2) How much time does it take to purchase a home?

On average, it takes 10-12 weeks to buy a house once you've started searching online. Once an offer has been accepted on a chosen property, the escrow period usually lasts 30-45 days (in normal market conditions). As a result, buyers who pay cash have been reported to buy properties more quickly than those who finance.

The condition of the real estate market, as well as other local market factors, play a role in how quickly properties are sold. Buying a house may take longer in hot markets with a lot of sales activity because many parties become involved in the transaction. For example, if home sales increase rapidly, the demand for property appraisals and home inspections also escalate, yet there will be no additional appraisers and inspectors to do the extra work. Lender turn-around times for loan underwriting can also decelerate. If each party involved in a deal takes slightly longer to get their work done than average, then the entire process gets extended.

3) What is a seller's market, and when do you find one?

In a sellers' market, rising demand for property causes home prices to rise. Here are some of the factors that drive demand:

Before more inventory can be built, economic factors such as a local labor market increase inflow residental traffic and housing prices.

Rates are on the decline, which improves home affordability and attracts more buyer interest, particularly for first-time buyers who can afford larger houses as costs go down.

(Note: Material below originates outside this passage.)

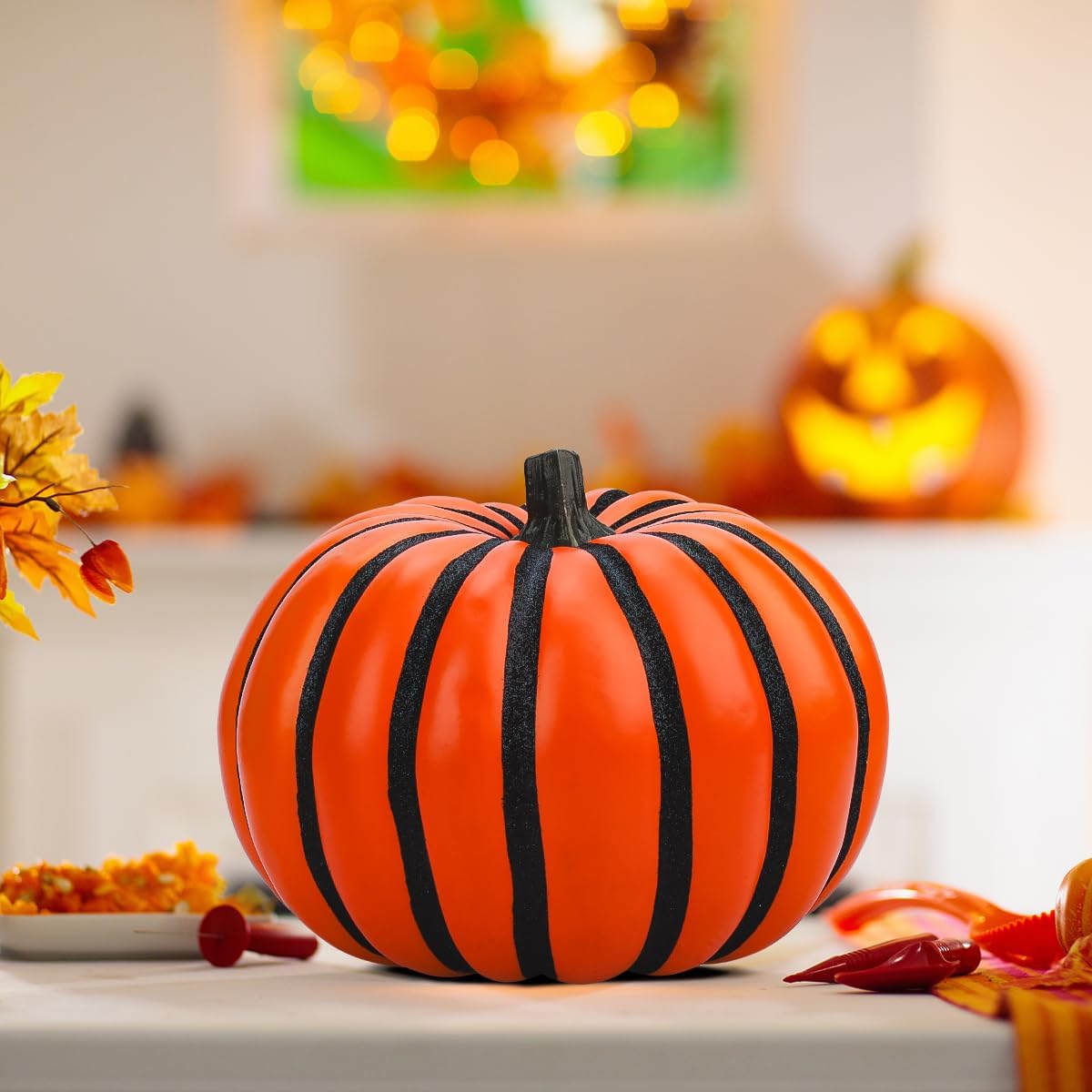 • Класическа декорация с тиква: Изкуствените тикви са много подходящи за декорация на маса за Деня на благодарността, рожден ден, есенни партита за Хелоуин, Деня на благодарността, Коледа. Можете да ги използвате и във вашите вили, камини, кафенета, сватби и рождени дни.

If interest rates rise rapidly, this may convince buyers who are undecided to make a purchase. They reason that if rates are going up, they need to buy now before they become even less affordable.

When there are fewer homes for sale, buyers will have to compete with each other for a shrinking pool of available options. Because of the lack of new development, there may be a decreased number of houses on the market. Prices for existing properties may rise as a result of the reduced number of units accessible.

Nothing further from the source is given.